Making up a $1.68 million shortfall

Jefferson City officials are expected to move forward next week with a plan to make up for a $1.68 million budget shortfall, which will initiate cuts to every city department and some city funded events.

At a special City Council meeting Monday, the council discussed a detailed plan of how the city would cut roughly $1.68 million from the current budget. The plan was included in a bill introduced Monday and the council is expected to approve the plan at their regular council meeting March 18.

The council did vote to move forward with an early retirement program known as the separation incentive plan. The city’s plan includes an anticipated $150,000 in savings from the early retirement program.

On Feb. 25, it was revealed that the city is running a nearly $2 million shortfall for the current fiscal year and has been overspending in past years. At the time, City Administrator Nathan Nickolaus had proposed a series of cuts and measures to deal with the budget situation, including cuts to every department and an early retirement program to help achieve an 8 percent reduction in workforce. Those cuts are still featured in the plan approved Monday.

“It’s a conservative plan, it’s a flexible plan,” Nickolaus said.

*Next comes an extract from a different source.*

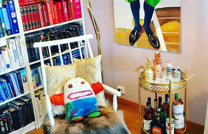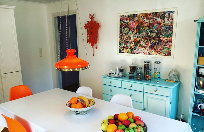 Aldís býr í litskrúðugu og skemmtilegu heimili í Noregi Guðný Hrönn skrifar 24. ágúst 2017 11:45 Innblásturinn kemur úr öllum áttum að sögn Aldísar og húsgögn og stofustáss kaupir hún víða. Listakonan og kennarinn Aldís Gunnarsdóttir býr á litríku heimili í Noregi. Þangað flutti hún fyrir sjö árum og síðan þá hefur smekkur hennar á innanhússhönnun verið að breytast smátt og smátt. „Síðan við fluttum til Noregs hef ég orðið hrifin af skandinavískum stíl og meiri litum. Ég fór frá litlausu heimili yfir í mikla litadýrð sem ágerðist eftir að ég kláraði listaskólann hér í Álasundi,“ segir Aldís sem býr ásamt manni sínum og tveimur börnum í stóru húsi sem hún lýsir sem dæmigerðu norsku timburhúsi. „Það er með A-þaki og frönskum gluggum.“ Það sem vekur athygli við heimili Aldísar er litadýrðin sem ríkir og skemmtilegir munir prýða hvern krók og kima. „Ég hef satt best að segja engan einn ákveðinn stíl. Ég blanda oftar en ekki saman nýju og gömlu, hvítu og lit og svo síðasta ár hef ég puntað svolítið með kopar, gulli og silfri og þá blanda ég því öllu saman í einn graut.“„Ég er ekkert endilega viss um að innanhússhönnuðir væru alltaf sammála uppsetningunni en ég þarf auðvitað ekkert að spá í það. Hver segir að ólíkir metallitir geti ekki átt saman? Ég neita því bara staðfastlega að það sé ekki hægt að blanda þeim saman,“ segir hún og hlær. „Þegar við fluttum inn í nýtt hús, fyrir um tveimur árum, þá fannst mér ekkert annað koma til greina en að hafa fallega liti í kringum mig. Kannski var það líka uppreisnarseggurinn í mér sem fékk útrás og fór í mótþróa við allt sem var svart, hvítt og grátt þó að mér finnist það oft mjög fallegt hjá öðrum.“ Þræðir flóamarkaði„Það er svo skemmtilega heimilislegt að horfa á Mónu greyið með strikavarir eftir bróderinguna,“ segir Aldís um myndina af Mónu.„Mín uppáhaldslitasamsetning eru bjartir litir sem oftar en ekki eru á móti hver öðrum á litaspjaldi. Mér finnst til dæmis turkísblár og appelsínugulur mjög fallegir saman. Mér finnst bara litir almennt vera skemmtilegir og hressandi,“ útskýrir Aldís sem er mikill fagurkeri. „Eitt af mínum áhugamálum er að þræða flóamarkaði í fjársjóðsleit og það eru ófáir hlutir á heimilinu þaðan. Ég hef til dæmis gert upp ruggustól, hengt upp bróderaða mynd af Mónu Lísu þar sem ég spreyjaði gullrammann bleikan og keypt mörg glös og skrautmuni sem núna prýða heimilið. Það eru ansi margir hlutir á heimilinu keyptir notaðir, hvort sem það eru húsgögn eða skrautmunir og svo er ég mjög veik fyrir búsáhaldabúðum, ég er með ákveðið blæti fyrir þeim. En ég get líka dottið í það að kaupa dýra og vandaða muni sem mér þykja fallegir. Ætli það megi ekki bara líkja mér við hrafninn sem dregst að öllu sem glitrar.“ Hús og heimili Mest lesið Tchéky Karyo látinn Lífið Stjörnurnar á hrekkjavökunni: Louvre-þjófur og vampírur Lífið Samkeppnin í New York minnti á X-Factor keppni Menning Telur Sweeney hafa verið blekkta í kjólinn Tíska og hönnun Fasteignasalar og ofurskvísur í Októberfest stemningu Lífið Ískyggilega líkur ofurfyrirsætu: „Ég er með píku“ Lífið Nýr skemmti- og spjallþáttur á Sýn Lífið Breytti um nafn eftir djúpa ástarsorg Tónlist Fréttatía vikunnar: Ríkislögreglustjóri, fellibylur og rasisti Lífið Fundin eftir sjö vikur á vergangi: „Takk hver sem þú ert“ Lífið Fleiri fréttir Tchéky Karyo látinn Stjörnurnar á hrekkjavökunni: Louvre-þjófur og vampírur Fréttatía vikunnar: Ríkislögreglustjóri, fellibylur og rasisti Láta forræðishyggju hinna fullorðnu ekki fipa sig Heillandi raðhús Evu Maríu og Trausta til sölu Nýr skemmti- og spjallþáttur á Sýn Fundin eftir sjö vikur á vergangi: „Takk hver sem þú ert“ Fresta hrekkjavöku til að tryggja öryggi lítilla skrímsla Stjörnurnar skinu skært á sögulegum sjónvarpsverðlaunum Atli Steinn fann ástina á ný „Síðasta flugtak“ Play í Gamla bíói Már Gunnars genginn út Verk Þórdísar Erlu munu prýða auglýsingaskilti borgarinnar Steingleymdi að taka niður sólgleraugun Hvenær má byrja að spila jólalög? Stílhrein og stílíseruð útsýnisíbúð við Heiðmörk Ískyggilega líkur ofurfyrirsætu: „Ég er með píku“ „Get ekki gengið óstudd og framundan er mikil endurhæfing“ Ótrúlegur bílskúr Hönnu Rúnar: „Hvar ertu?“ Lét flúra brúðkaupsdaginn á sig en gerði mistök Sviti, mjólk og hóstakast eftir að hafa manað hvor annan Yfir 170 góðgerðafélög hlutu styrk í áheitasöfnun Reykjavíkurmaraþons Sigurjón og Sóley gjörbreyttu eldhúsinu með einstakri útkomu „Alvöru“ jólasveinn gisti á Hótel Rangá Fasteignasalar og ofurskvísur í Októberfest stemningu Eitt glæsilegasta hús Reykjavíkur til sölu „Þetta er það fallegasta sem einhver hefur sagt um mig“ Hvað þýðir „six-seven“? Smáforrit til að deila heimilisverkum: „Fæ þrjú stig fyrir að þurrka af á heimilinu“ Kynslóðabilið kom í ljós þegar umræðan beindist að blautbolakeppni Sjá meira

Interim Finance Director Bill Betts said the plan details staff projections, which could change over time. He said the department will have to monitor figures each month and make sure no further cuts are needed.

“I don’t think this plan will ever be done,” Betts said. “We’ll review it every month.”

The plan includes a $15,000 cut to the economic development contract with the Jefferson City Area Chamber of Commerce and a cut to the city’s recently started security screenings before council meetings. Betts said the security screenings, which began in November, will continue for municipal court, but eliminating the screenings at council meetings will save $8,000.

“They were tough cuts,” Betts said.

Some cuts in the proposed plan aren’t really cuts, but simply a transfer of funds. More than $200,000 in infrastructure projects is included on the list of cuts, but Betts said those projects still will be funded, though that money now will come from the city’s half-cent capital improvements sales tax.

Nickolaus said the cuts all affect essential services of city departments, but there’s nothing else to cut.

“It’s not a question of what are essential services,” Nickolaus said. “The question now is what are the most essential services.”

Third Ward Councilman Bryan Pope said what is considered an essential service now, may not have been anything more than a desire a few years ago.

“There’s been mission creep in what is essential,” Pope said. “I hope that there will be serious consideration as to what are essentials.”

Pope questioned the value of some positions over what he said are clearly essential positions, such as public safety.

During discussion, several council members were more focused on how the current situation would be carried over to the next fiscal year and what further cuts may have to be made in a budget process that will begin for council members in a few months.

Betts said some of the items documented in the plan are one time revenue sources that will not be seen next year. To make up those funds, the council likely will have to make more cuts.

“Our revenues have become flat,” Betts said. “We’ll have to cut every year or we’ll have to come up with new revenues.”

The council also voted to approve a $161,000 expense from the general fund for six police vehicles. Because of the added expense, 2nd Ward Councilman Shawn Schulte made a motion to direct staff to look for additional cuts of $150,000 to $400,000 from the budget, excluding public safety departments.

The council also approved adjusted figures for capital improvement sales tax expenses as figures are likely to come in below the original projections.

The new plan reduces the overall capital improvements spending from $26 million to $23.5 million.

The council is expected to continue budget discussions March 18.